In this example, the initial estimate of z for the M-step is a matrix of indicator variables corresponding to a discrete classification taken from the true classes contained in iris$Species. Here, we used the function unmap() to convert the classification into the corresponding matrix of indicator variables. The inverse function, called map(), converts a matrix in which each row sums to 1 into an integer vector specifying for each row the column index of the maximum. This last operation is basically the MAP when applied to the matrix of posterior conditional probabilities (see Section 2.2.4).

3.9 Further Considerations in Cluster Analysis via Mixture Modeling

Clustering can be affected by control parameter settings, such as convergence tolerances within the clustering functions, although the defaults are often adequate.

Control parameters used by the EM functions in mclust are set and retrieved using the function emControl(), These include:

  • eps: A tolerance value for terminating iterations due to ill-conditioning, such as near singularity in covariance matrices.
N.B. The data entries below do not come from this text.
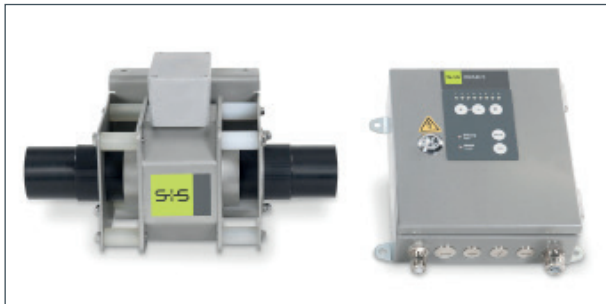
Ejemplo: P-SCAN RP 60 con unidad de montaje y tubo detector.*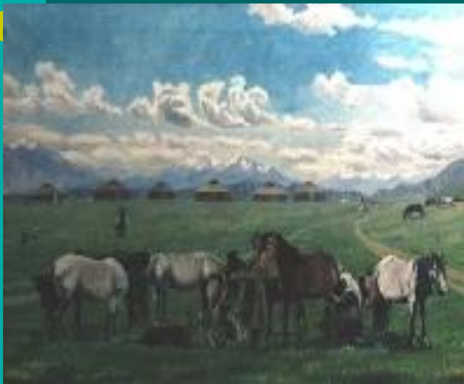
Бие сауу. 1936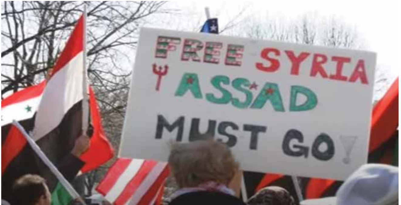
הפגנה נגד משטרו של אסד. ניסיונו של המשטר לדכא באלימות את המחאה הוא שהביא להידרדרות של סוריה אלי מלחמת אזרחים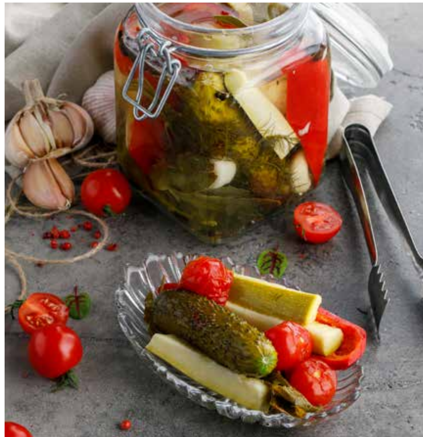
ДОМАШНИЕ СОЛЕНЬЯ В БАНКЕ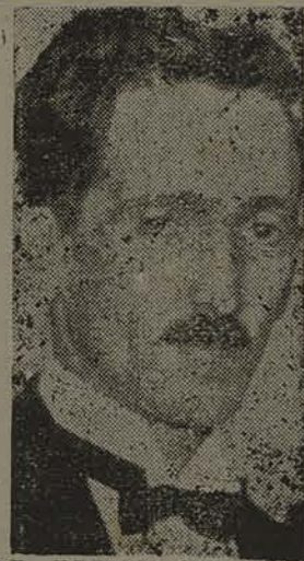
DR. PLINIO SALGADO

Os camisas verdes atacaram desabridamente os candidatos democraticos.--A policia de choque em ação.--A reação da policia na defesa do seu delegado.--70 feridos e 16 mortos

By default this is set to .Machine$double.eps, the relative machine precision, which has the value 2.220446e-16 on IEEE-compliant machines.

  • tol: A vector of length 2 giving iteration convergence tolerances. By default this is set to c(1.0e-5, sqrt(.Machine$double.eps)). The first value is the tolerance for the relative convergence of the log-likelihood in the EM algorithm, and the second value is the relative convergence tolerance for the M-step of those models that have an iterative M-step, namely the models VEI, EVE, VEE, VVE, and VEV (see Table 2.2).

  • itmax : An integer vector of length two giving integer limits on the number of EM iterations and on the number of iterations in the inner loop for models with iterative M-step (see above). By default this is set to c(.Machine$integer.max, .Machine$integer.max), allowing termination to be completely governed by the control parameter tol. A warning is issued if this limit is reached before the convergence criterion is satisfied.

Although these control settings are in a sense hidden by the defaults, they may have a significant effect on results in some instances and should be taken into consideration in any analysis.

The mclust implementation includes various warning messages in cases of potential problems. These are issued if mclust.options("warn") is set to TRUE or specified directly in function calls. Note, however, that by default mclust.options("warn") = FALSE, so that these warning messages are suppressed.

Finally, it is important to take into account numerical issues in model-based cluster analysis, and more generally in GMM estimation. The computations for estimating the model parameters break down when the covariance corresponding to one or more components becomes ill-conditioned (singular or nearly singular), and cannot proceed if clusters contain only a few observations or if the observations they contain are nearly colinear. Estimation may also fail when one or more mixing proportions shrink to negligible values. Including a prior is often helpful in such situations (see Section 7.2).